Libertarian presidential candidate John McAfee has a plan to save the United States — and he wants to act on it before he sets foot in office. That plan hinges on the FBI turning over the San Bernardino shooter's iPhone, the one the bureau has insisted Apple unlock.

For years, the U.S. Department of Justice has been sparring with Apple over consumer encryption.

The Justice Department has called for Apple and other tech companies to build in backdoors to consumer devices to enable law enforcement agencies to gain access to information secured by encryption that could take authorities years to crack.

Apple and tech industry experts have fought against building backdoors into their software. A backdoor is a soft spot, one that hackers could exploit, Apple has argued as it defied court order after court order.

Creating backdoors in iOS, Android and other operating systems would be worse than handing over the U.S.' nuclear codes to its enemies, McAfee asserted in an op-ed published on Tech Insider. It's a "black day" for the U.S. and the beginning of the country's end as a world power, he wrote.

"The government has ordered a disarmament of our already ancient cybersecurity and cyberdefense systems, and it is asking us to take a walk into that near horizon where cyberwar is unquestionably waiting, with nothing more than harsh words as a weapon and the hope that our enemies will take pity at our unarmed condition and treat us fairly," stated McAfee.
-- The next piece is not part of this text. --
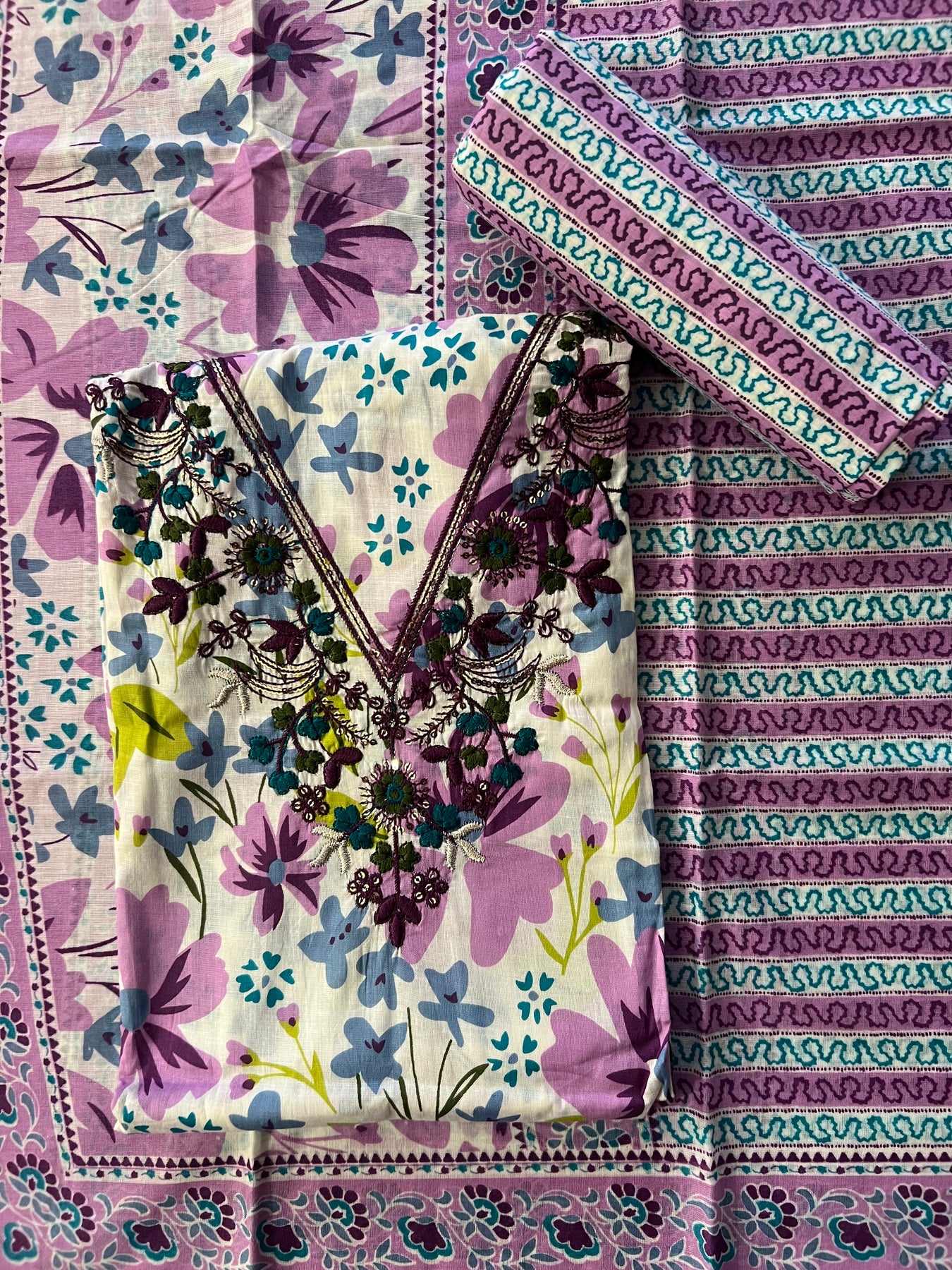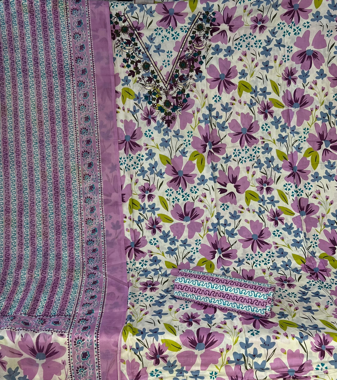 UNSTITCHED DRESS MATERIAL (COTTON) - IKJK04/VOILET
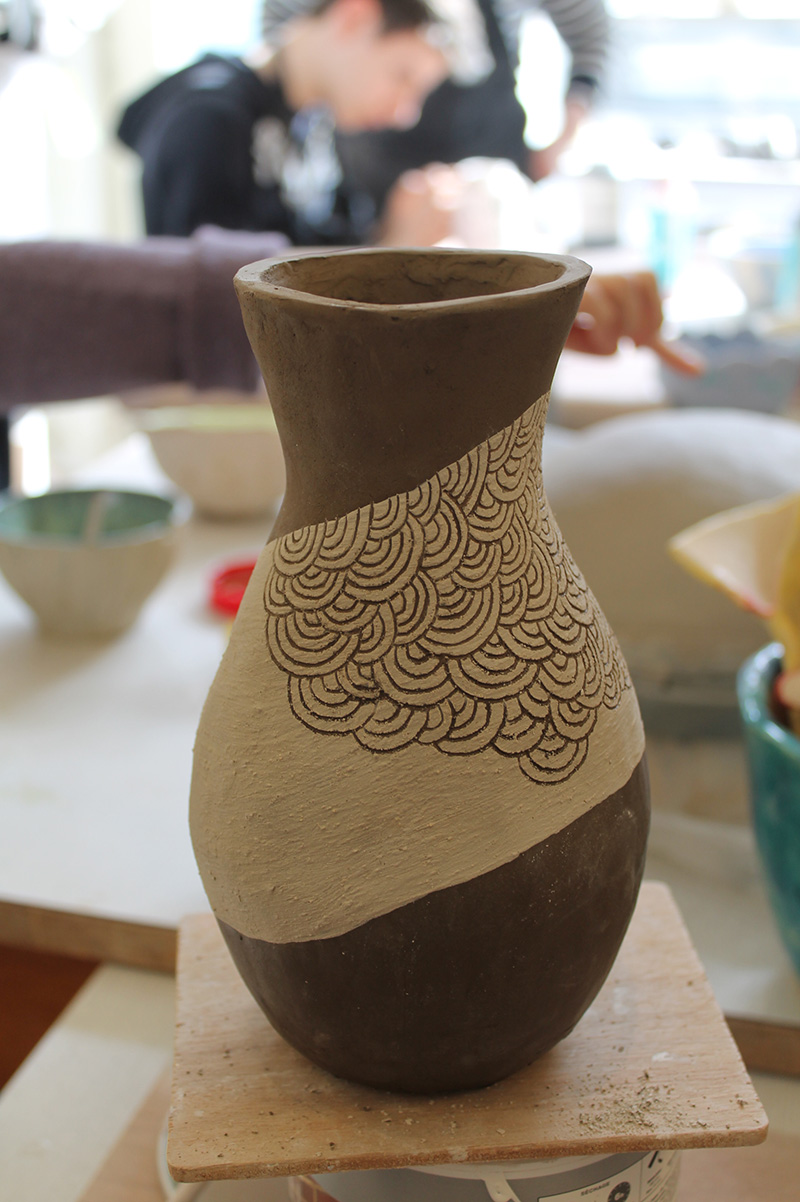 Grès foncé, barbotine, engobe.

McAfee stands by Apple and Apple CEO Tim Cook in their belief that this wouldn't be a one-off thing, as the FBI has suggested. The Department of Justice has already attempted to twist the arms of Apple, Facebook, Microsoft and others in cases in which law enforcement agencies sought to crack the encryption protecting consumer data.

In an open letter to Apple customers, Cook asserted that the company has done everything in its power to assist law enforcement agencies without violating the law or sacrificing the integrity of iOS. But the government still wants Apple to build a backdoor into the OS.

"Specifically, the FBI wants us to make a new version of the iPhone operating system, circumventing several important security features, and install it on an iPhone recovered during the investigation," Cook wrote. "In the wrong hands, this software — which does not exist today — would have the potential to unlock any iPhone in someone's physical possession."

McAfee's solution involved the FBI allowing him and his team of hackers to crack the encrypted iPhone. His team, composed of about 25 percent hardcore coders and 75 percent social engineers, are all prodigies and could crack the phone in a matter of weeks, McAfee insisted.

These hackers could work for the FBI if the bureau wasn't afraid to hire coding experts that rocked "24-inch mohawks" and huge gauges in their ears and insisted on smoking weed while they worked.

"But you bet your ass that the Chinese and Russians are hiring similar people with similar demands and have been for many years," McAfee wrote. "It's why we are decades behind in the cyber race."

While the FBI may not want to work long term with the likes of the people who work on McAfee's team, the bureau may also be opposed to doing so on a one-off basis for one simple reason.

This latest court order to Apple may be more about establishing a precedent than finding new details about the San Bernardino shooter. Cook doesn't think there's any way anyone could guarantee that a way in through a backdoor would only be used once.

"Once created, the technique could be used over and over again, on any number of devices," Cook wrote. "In the physical world, it would be the equivalent of a master key, capable of opening hundreds of millions of locks — from restaurants and banks to stores and homes. No reasonable person would find that acceptable."